### PROMPT
In the listing below, find the line with "В интернет-магазине начали" and copy every line from there up to and including the line with "Nalazi u prizemlju", exactly and without pictures.

### SOURCE DATA
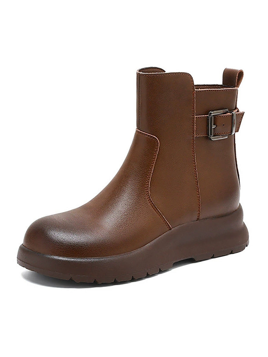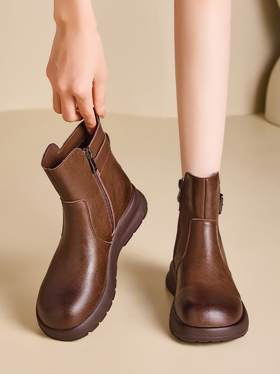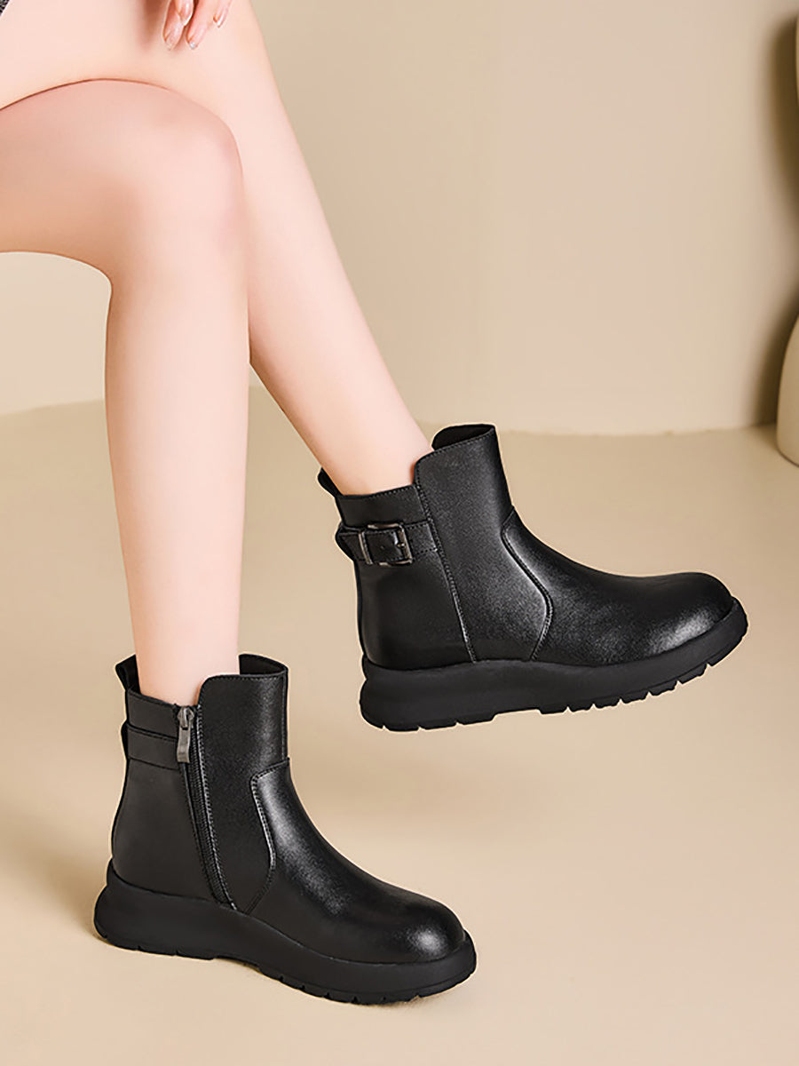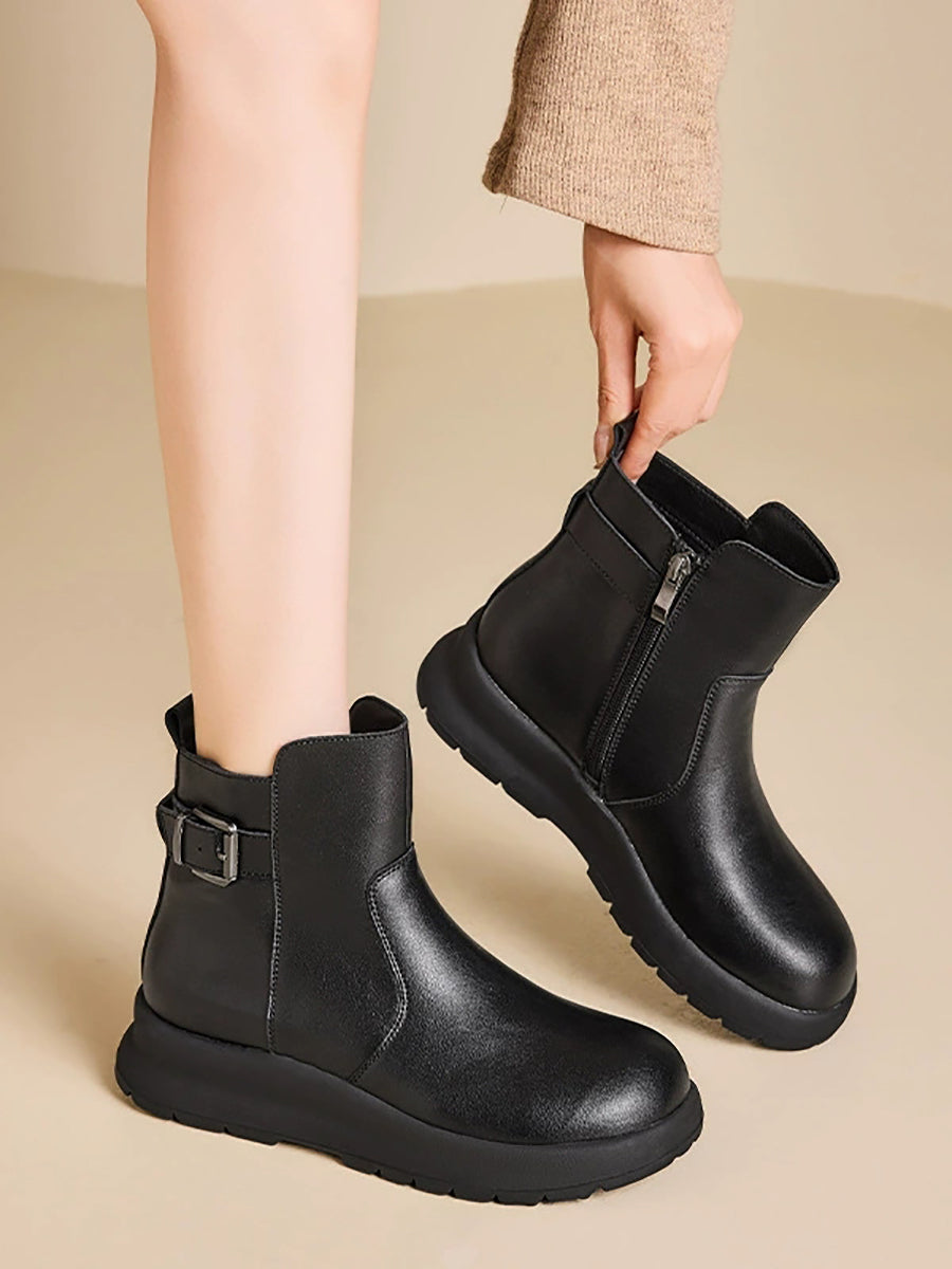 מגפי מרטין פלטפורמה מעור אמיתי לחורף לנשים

...

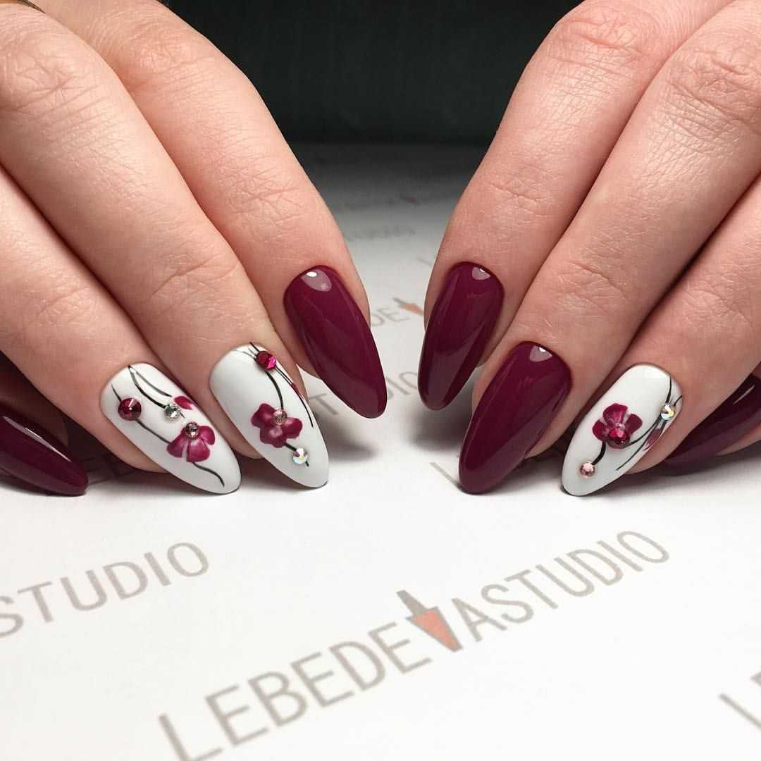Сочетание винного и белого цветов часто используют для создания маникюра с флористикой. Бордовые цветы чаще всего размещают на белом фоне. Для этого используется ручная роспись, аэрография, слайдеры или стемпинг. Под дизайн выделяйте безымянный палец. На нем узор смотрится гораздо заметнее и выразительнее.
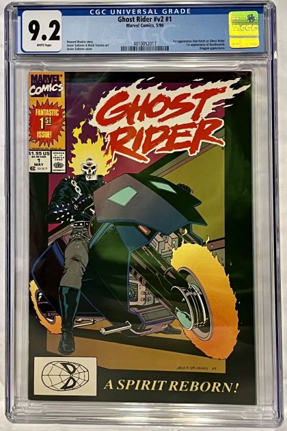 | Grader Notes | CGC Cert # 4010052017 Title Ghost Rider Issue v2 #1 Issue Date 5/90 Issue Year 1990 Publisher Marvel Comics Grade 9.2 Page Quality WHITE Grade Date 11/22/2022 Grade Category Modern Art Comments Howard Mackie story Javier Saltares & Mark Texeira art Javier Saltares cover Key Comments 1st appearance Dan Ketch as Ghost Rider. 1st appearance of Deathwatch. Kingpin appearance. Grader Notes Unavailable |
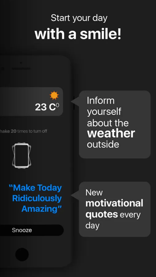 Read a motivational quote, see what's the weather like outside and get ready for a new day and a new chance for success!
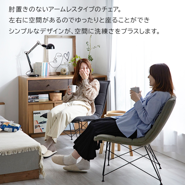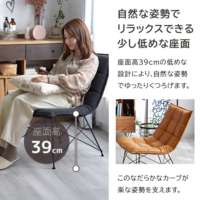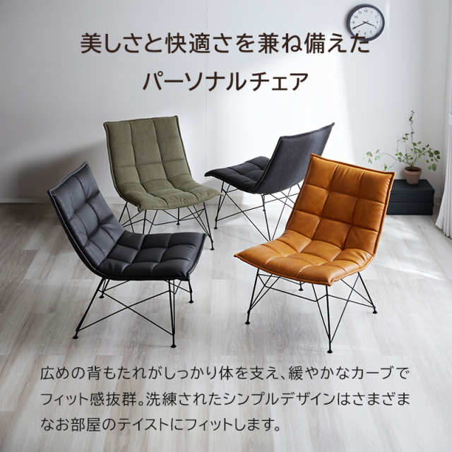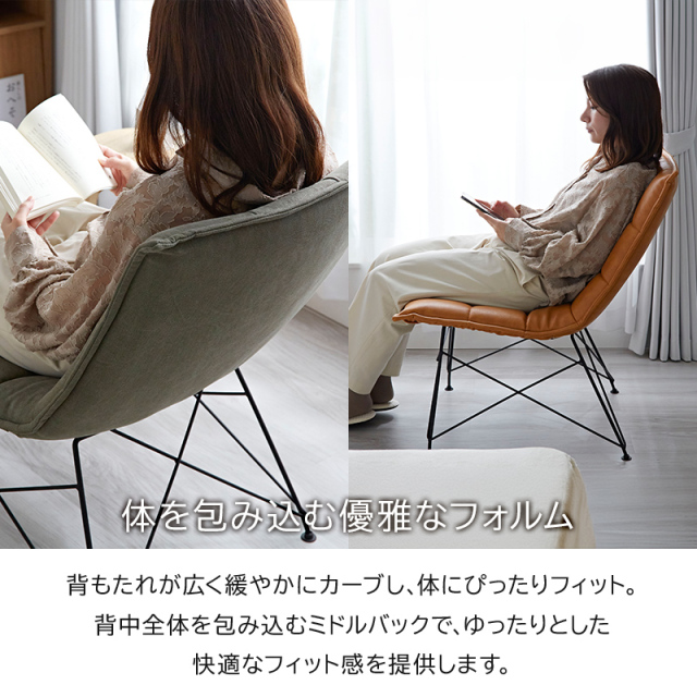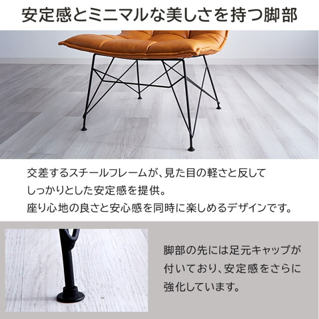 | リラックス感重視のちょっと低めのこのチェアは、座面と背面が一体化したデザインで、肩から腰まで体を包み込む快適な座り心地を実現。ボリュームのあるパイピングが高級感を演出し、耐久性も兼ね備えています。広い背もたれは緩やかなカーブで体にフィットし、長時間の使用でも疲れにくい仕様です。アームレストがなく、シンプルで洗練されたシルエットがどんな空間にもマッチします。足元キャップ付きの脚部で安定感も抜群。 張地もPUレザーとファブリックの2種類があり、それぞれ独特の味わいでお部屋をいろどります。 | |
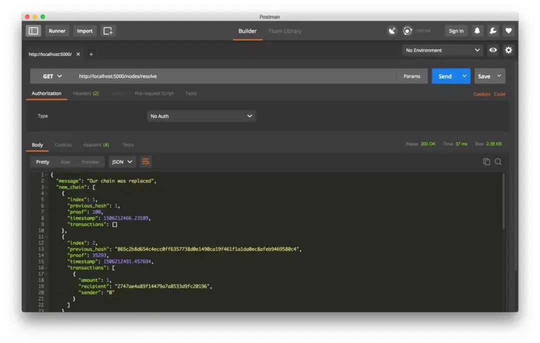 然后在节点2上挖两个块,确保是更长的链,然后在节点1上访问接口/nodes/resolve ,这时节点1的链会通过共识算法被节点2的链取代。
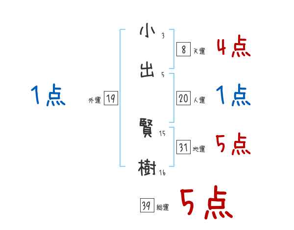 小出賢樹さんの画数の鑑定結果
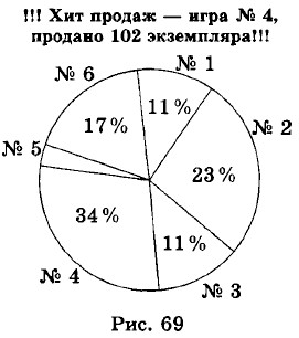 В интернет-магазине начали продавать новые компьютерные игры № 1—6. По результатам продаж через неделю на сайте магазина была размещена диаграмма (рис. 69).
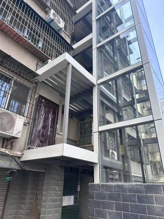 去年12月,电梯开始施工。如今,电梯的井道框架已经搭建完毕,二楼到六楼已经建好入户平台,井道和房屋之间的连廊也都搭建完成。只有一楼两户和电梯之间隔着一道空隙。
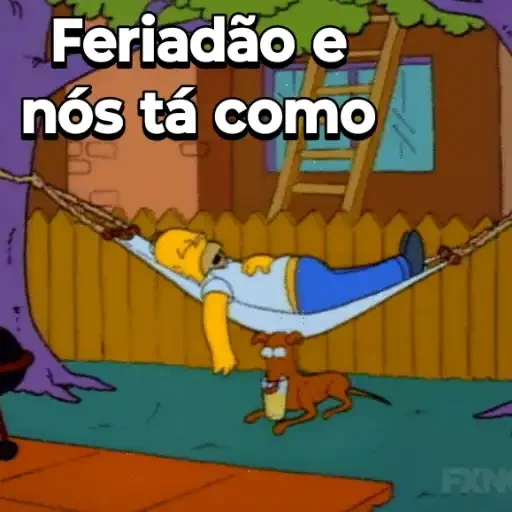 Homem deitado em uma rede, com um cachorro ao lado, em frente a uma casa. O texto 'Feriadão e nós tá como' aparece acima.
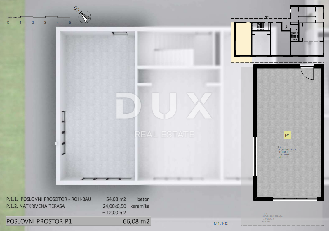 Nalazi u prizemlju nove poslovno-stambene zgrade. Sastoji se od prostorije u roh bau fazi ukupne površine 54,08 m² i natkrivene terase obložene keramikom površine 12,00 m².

--

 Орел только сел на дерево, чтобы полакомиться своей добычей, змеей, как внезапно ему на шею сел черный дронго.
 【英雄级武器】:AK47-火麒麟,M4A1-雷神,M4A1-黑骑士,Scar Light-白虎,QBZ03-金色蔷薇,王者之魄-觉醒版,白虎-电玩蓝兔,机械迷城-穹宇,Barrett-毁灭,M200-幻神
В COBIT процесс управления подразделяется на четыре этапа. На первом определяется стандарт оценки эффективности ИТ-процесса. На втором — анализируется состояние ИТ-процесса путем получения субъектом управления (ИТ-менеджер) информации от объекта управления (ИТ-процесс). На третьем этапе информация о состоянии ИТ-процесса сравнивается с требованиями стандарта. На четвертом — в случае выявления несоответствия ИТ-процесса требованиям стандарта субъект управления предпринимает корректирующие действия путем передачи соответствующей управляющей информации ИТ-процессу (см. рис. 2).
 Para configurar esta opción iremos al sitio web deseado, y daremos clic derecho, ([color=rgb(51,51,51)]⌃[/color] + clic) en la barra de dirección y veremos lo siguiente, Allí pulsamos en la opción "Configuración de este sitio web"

### PROBLEM SOLUTION
 В интернет-магазине начали продавать новые компьютерные игры № 1—6. По результатам продаж через неделю на сайте магазина была размещена диаграмма (рис. 69).
 去年12月,电梯开始施工。如今,电梯的井道框架已经搭建完毕,二楼到六楼已经建好入户平台,井道和房屋之间的连廊也都搭建完成。只有一楼两户和电梯之间隔着一道空隙。
 Homem deitado em uma rede, com um cachorro ao lado, em frente a uma casa. O texto 'Feriadão e nós tá como' aparece acima.
 Nalazi u prizemlju nove poslovno-stambene zgrade. Sastoji se od prostorije u roh bau fazi ukupne površine 54,08 m² i natkrivene terase obložene keramikom površine 12,00 m².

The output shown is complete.